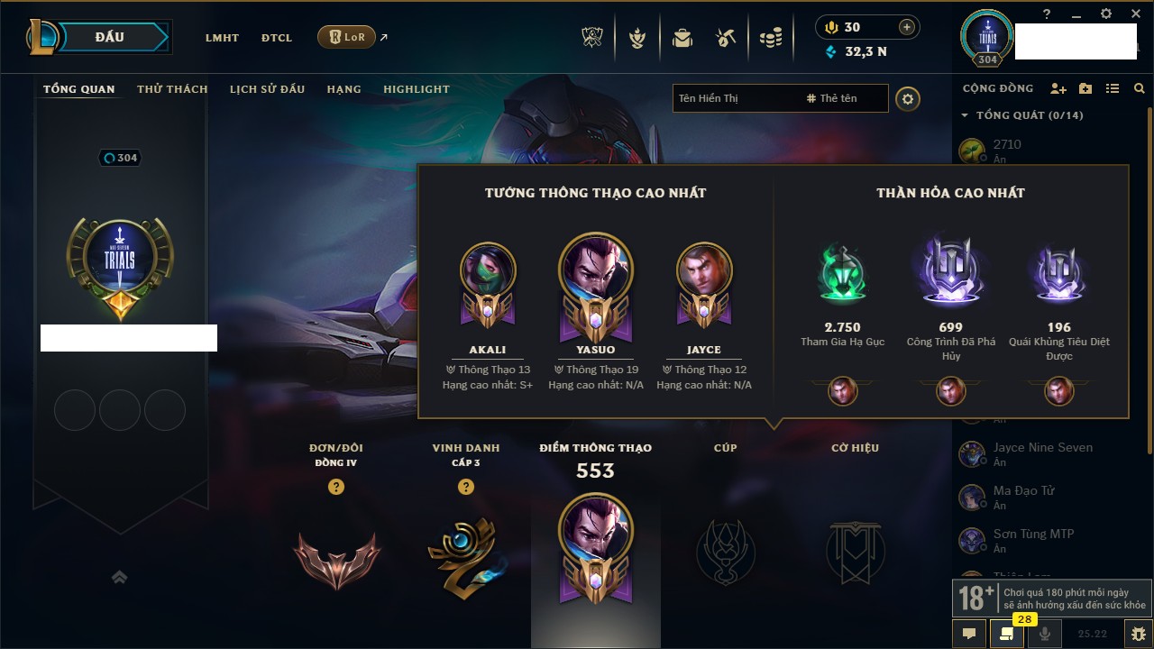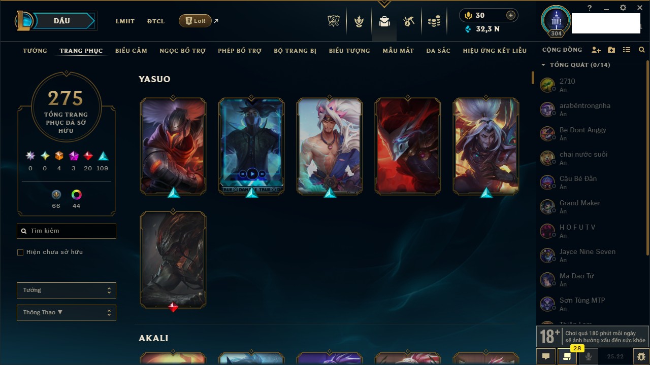 Rank Đơn: Đồng IVKhung: Chưa có khungTướng: 162 - Còn 32315 THXTrang Phục: 275Rank ĐTCL: Chưa RankLinh Thú: 33
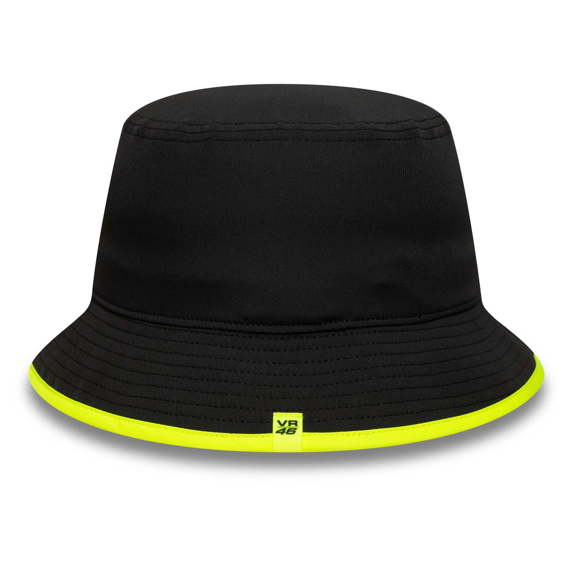 The VR46 Recycled Seasonal Black Bucket Hat combines bold VR46 style with sustainable design.
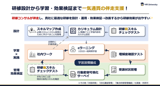 HR Universityは、研修の企画から実施、受講後の行動変化の確認までを通して支援する「伴走型」の研修プラットフォームです。今回の調査では、「行動変容の可視化」や「受講ログの分析」を求める声が特に多く寄せられました。HR Universityは、これらのニーズに対応する仕組みを備えています。

————————

Task goal
The first line of the listing through the line with "The VR46 Recycled": repeat exactly that span and nothing more, skipping pictures.

Answer area
 Rank Đơn: Đồng IVKhung: Chưa có khungTướng: 162 - Còn 32315 THXTrang Phục: 275Rank ĐTCL: Chưa RankLinh Thú: 33
 The VR46 Recycled Seasonal Black Bucket Hat combines bold VR46 style with sustainable design.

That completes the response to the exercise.